«Jesús salió del templo y mientras caminaba se acercaron sus discípulos y le mostraron los edificios del templo. Pero él dijo: «¿Ven todo esto? Les aseguro que no quedará piedra sobre piedra, pues todo será derribado»» (Mateo 24: 1-2, NVI).
El templo de Jerusalén (llamado por los historiadores «el Segundo Templo»), recién reconstruido entonces por iniciativa del rey Herodes el Grande sobre una plataforma sostenida por enormes bloques de piedra, era el orgullo de la nación de Israel. No es de extrañar que los discípulos de Jesús se sintiesen impresionados por su esplendor. Las palabras del Maestro debieron de chocarles, porque el templo representaba para sus compatriotas la presencia de Dios entre su pueblo. Sin embargo, menos de cuarenta años más tarde, en el año 70 d. C., las legiones romanas destruyeron Jerusalén e incendiaron el templo. Un bajorrelieve del llamado arco de Tito, levantado en Roma para conmemorar la victoria de ese general sobre Judea, representa a unos soldados llevando como trofeo el candelabro que iluminaba el lugar santo.
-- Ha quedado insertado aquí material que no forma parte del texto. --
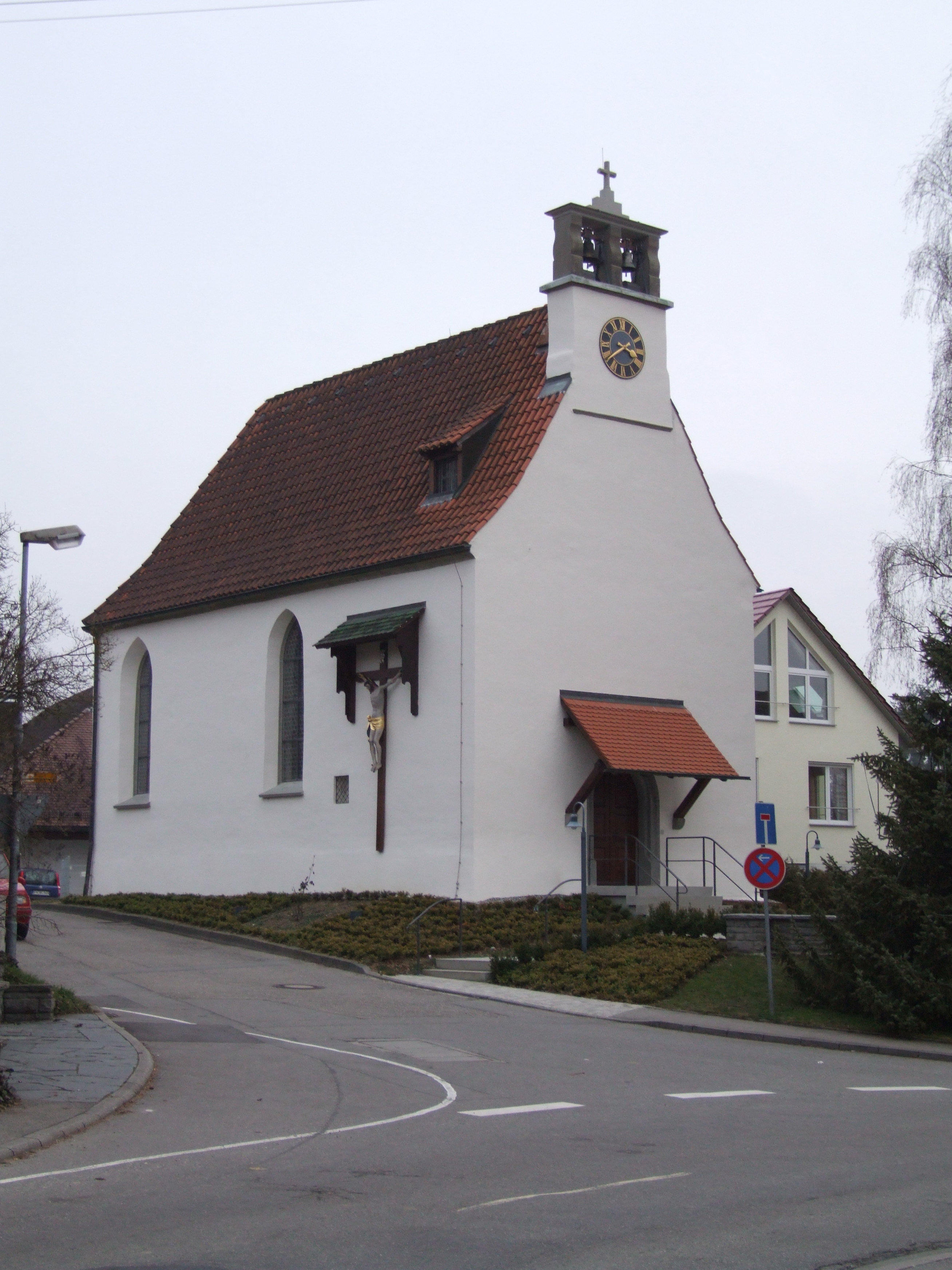 Chapel in Nußdorf (Überlingen)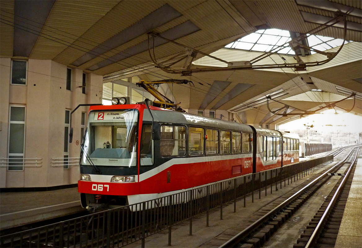 Metrotram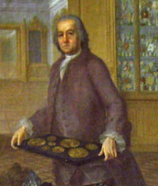 emperor Franz Stephan (sitting) together with his natural science advisors. From left to right: Gerard van Swieten, Johann Ritter von Baillou, Valentin Jamerai Duval (numismatist) and Abbé Johann Marcy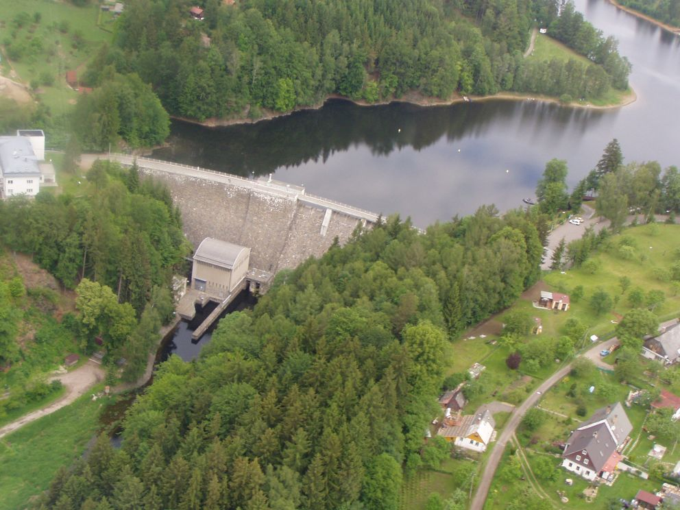 Water dam Pastviny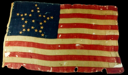 The 10th Virginia Infantry Regiment flag carried into the first battle of Manassas, July 20-21, 1861, Manassas National Battlefield Park, MANA 979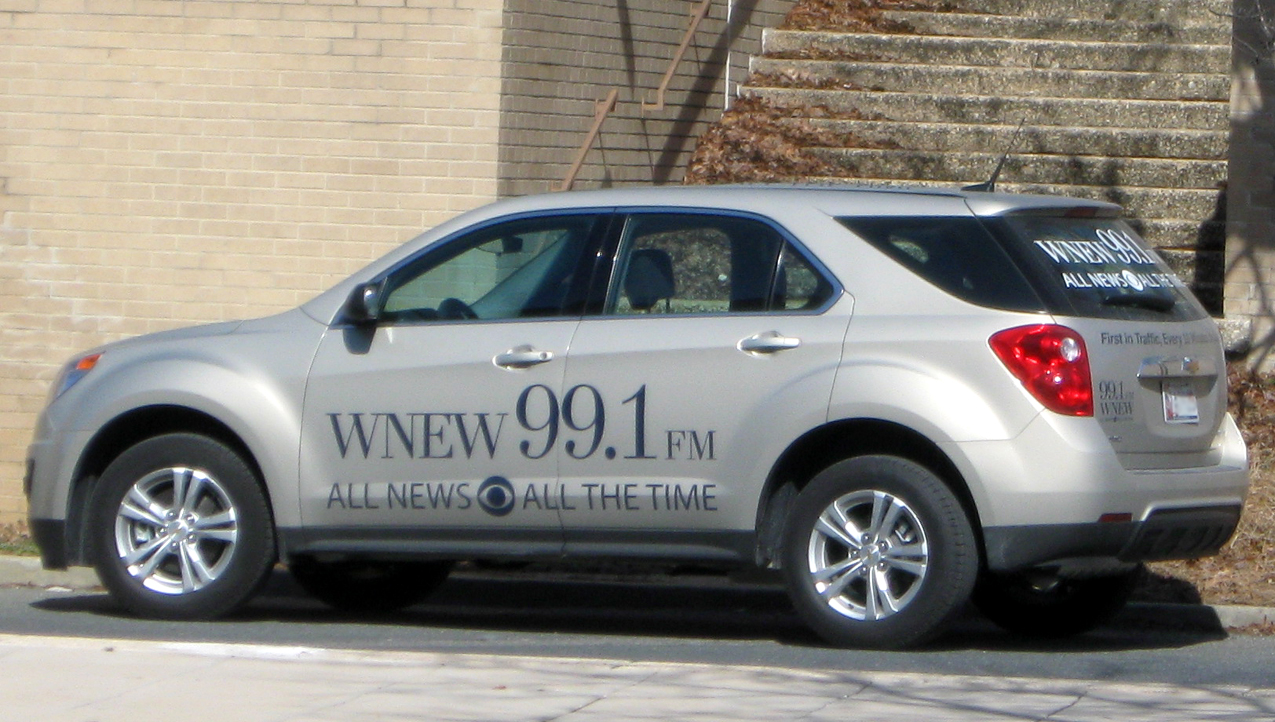 2010-2012 Chevrolet Equinox photographed in Washington, D.C., USA.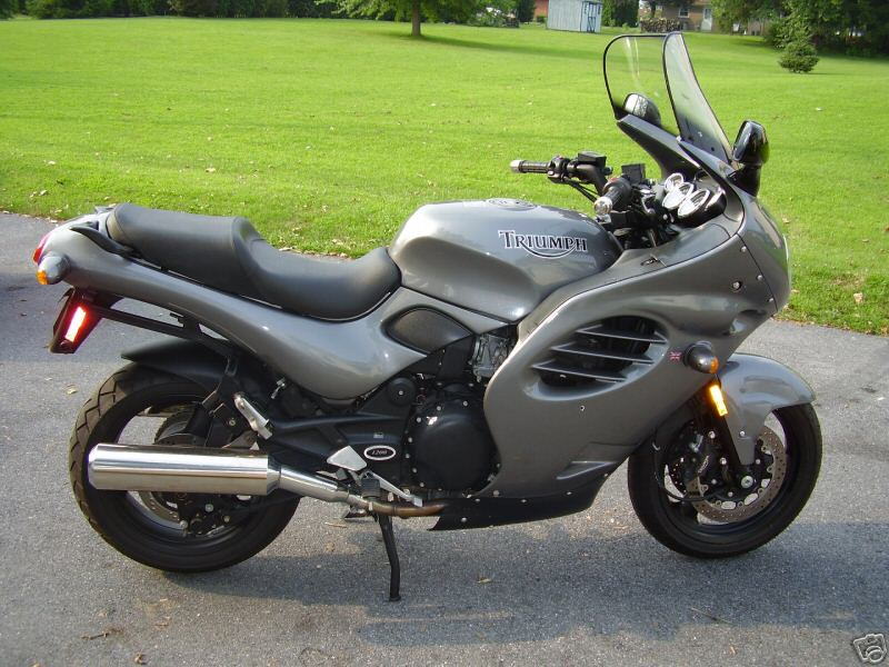 2003 Triumph Trophy 1200 Credit: Juda Engelmayer My First TriumphJuda S. Engelmayer 06:32, 28 January 2007 (UTC) Did not like it as I do the Guzzis Credit: Juda S. Engelmayer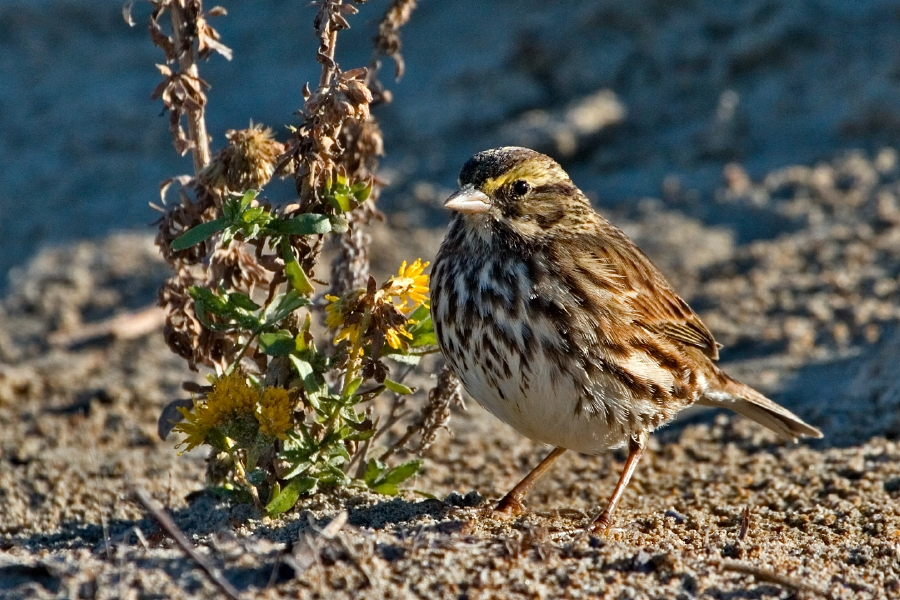 Passerculus sandwichensis - Savannah Sparrow, Bolsa Chica Ecological Reserve, Huntington Beach, California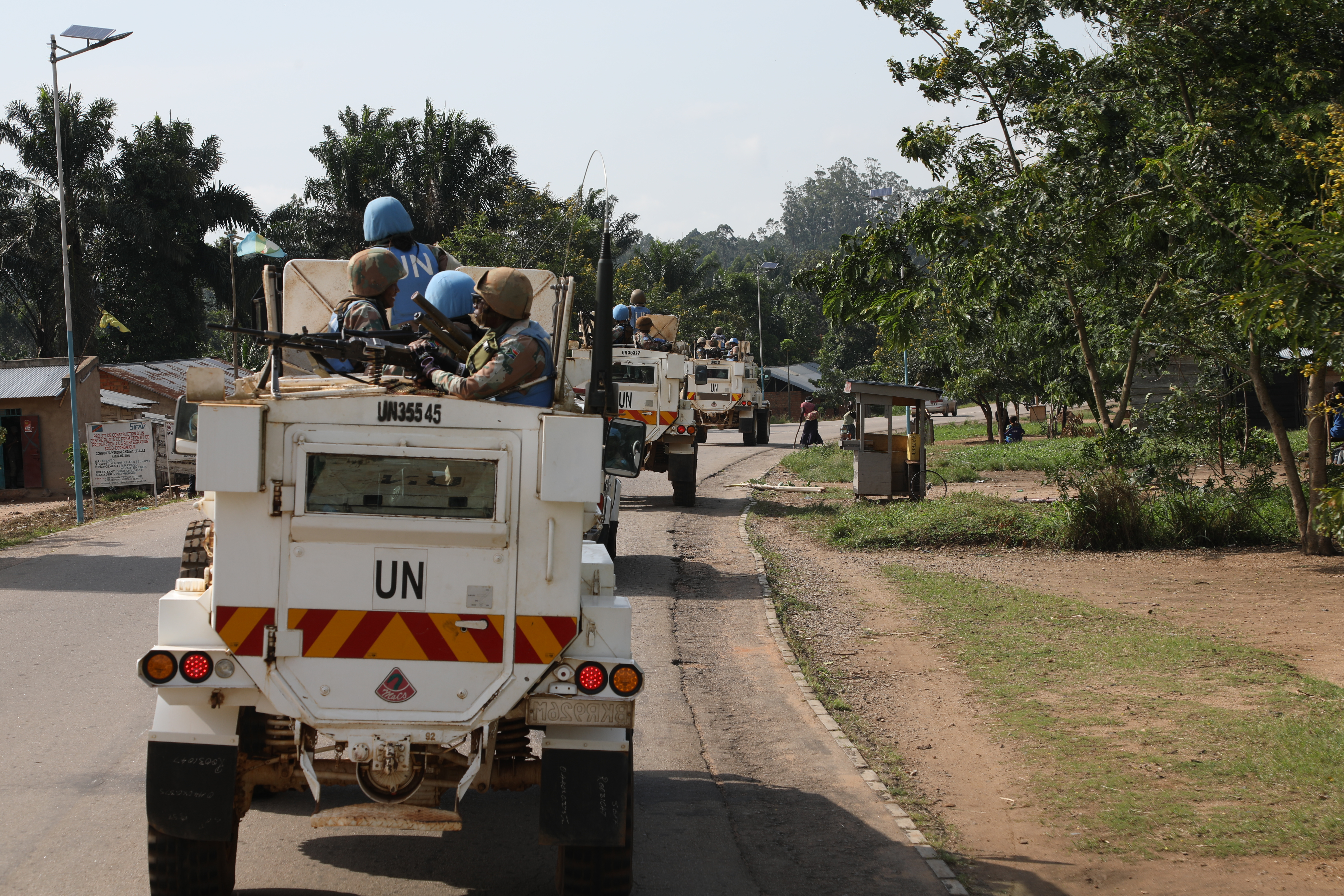 Female engagement patrol conducted from Mavivi to Muzambayi in Beni by Female combatants of South African Contingent of COB Mavivi, MONUSCO on 07 March 2018. The task was to conduct visibility patrol using vehicles and on foot, in order to gather information regarding the security situation in Muzambayi village The team composed of one officer, 5 noncommissioned Officers and twenty four soldiers using three Armored Personnel Carriers (APCs )and one ambulance. Photo MONUSCO/Michael Ali

Si algo
había quedado de Jerusalén, fue completamente arrasado en el año 135 por el emperador Adriano.
El famoso «Muro de las Lamentaciones» es solo parte de la inmensa plataforma de piedras que sostenía la explanada sobre la que se asentaba el templo.
Por si esta eliminación de vestigios no fuera suficiente, el 18 de octubre del año 2016 el Consejo Ejecutivo de la Unesco «votaba» en París «la no existencia de vínculos entre el pueblo de Israel y las ruinas del templo de Jerusalén». Como si la realidad histórica, como si la evidencia visible, fuera votable y solo dependiera de la opinión de una mayoría.
De este Consejo, formado por 58 países, veinticuatro votaron a favor de borrar cualquier relación entre Israel y el antiguo templo. Solo seis (Estados Unidos, Alemania, Gran Bretaña, Lituania, Estonia y Países Bajos), se pronunciaron en defensa de la evidencia histórica de que Israel tuvo allí su templo. Hubo veintiséis abstenciones y dos ausencias.
Esto significa que la destrucción profetizada por Jesús de que no quedaría del templo piedra sobre piedra se ha cumplido tan literalmente que para muchos ya ha comenzado a desaparecer hasta la memoria de aquellas piedras.
El templo había servido como símbolo visible de la presencia invisible de Dios entre nosotros (ver Éxo. 25: 8). En
Jesús, Dios vino a habitar con nosotros (ver Juan 1: 14). Entonces y ahora Cristo es Emanuel, «Dios con nosotros» (Mat.
1: 23).
Tan fiable como su promesa de que nada quedaría de las piedras del templo, es la de que Jesús estará con nosotros
«todos los días hasta el fin del mundo» (Mat. 28: 20).